* What is expected *
For this exercise, print the listing below exactly, without its pictures.

* Data block *
-=-=-
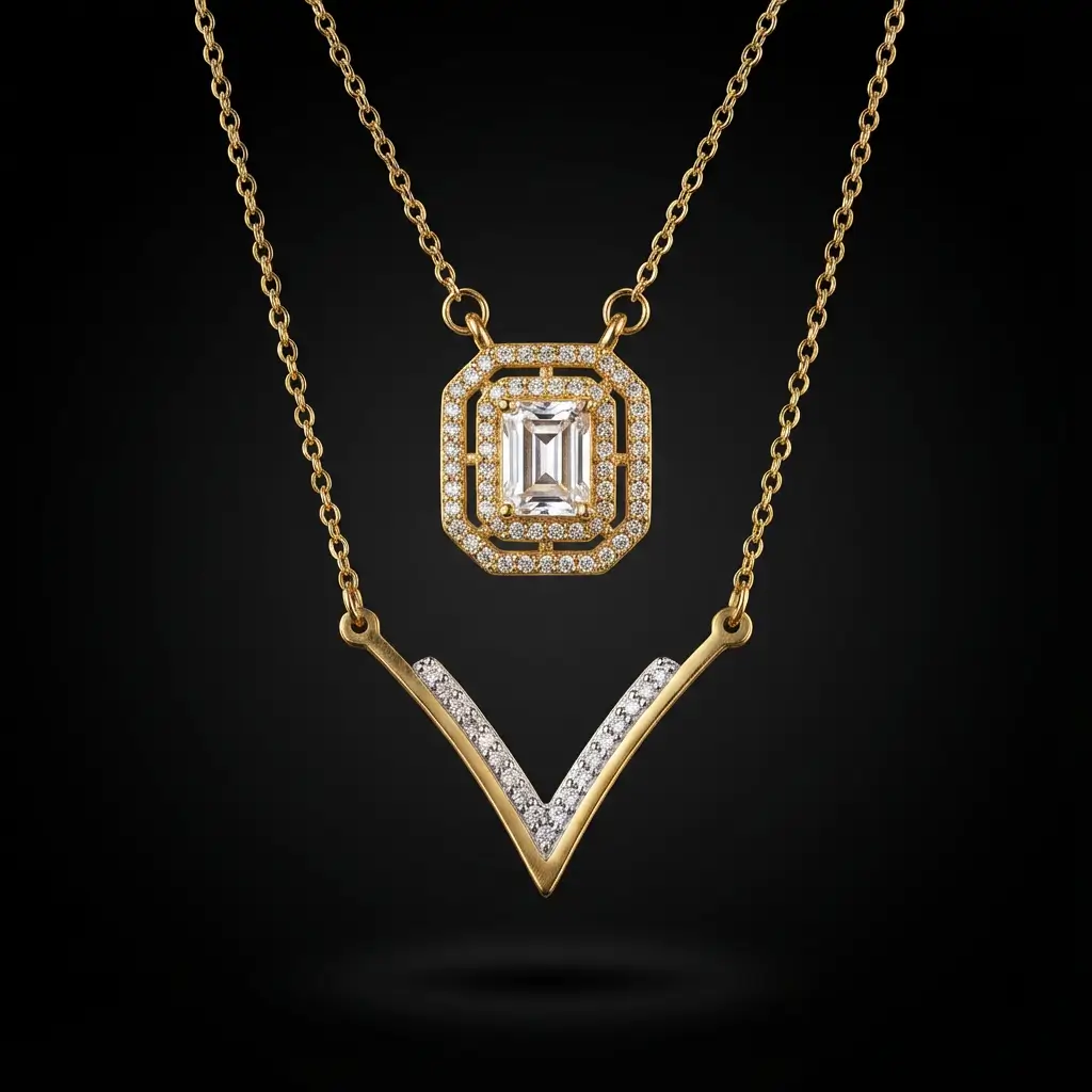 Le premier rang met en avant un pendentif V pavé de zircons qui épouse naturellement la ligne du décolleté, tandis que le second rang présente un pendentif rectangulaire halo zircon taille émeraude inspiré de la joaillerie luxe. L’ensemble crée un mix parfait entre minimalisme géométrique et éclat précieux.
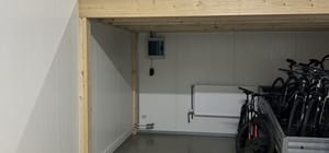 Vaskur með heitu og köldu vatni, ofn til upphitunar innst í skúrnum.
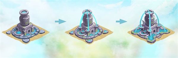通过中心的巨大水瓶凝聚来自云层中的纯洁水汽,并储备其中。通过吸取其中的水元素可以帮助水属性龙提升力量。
-=-=-
* Expected answer *
 Le premier rang met en avant un pendentif V pavé de zircons qui épouse naturellement la ligne du décolleté, tandis que le second rang présente un pendentif rectangulaire halo zircon taille émeraude inspiré de la joaillerie luxe. L’ensemble crée un mix parfait entre minimalisme géométrique et éclat précieux.
 Vaskur með heitu og köldu vatni, ofn til upphitunar innst í skúrnum.
通过中心的巨大水瓶凝聚来自云层中的纯洁水汽,并储备其中。通过吸取其中的水元素可以帮助水属性龙提升力量。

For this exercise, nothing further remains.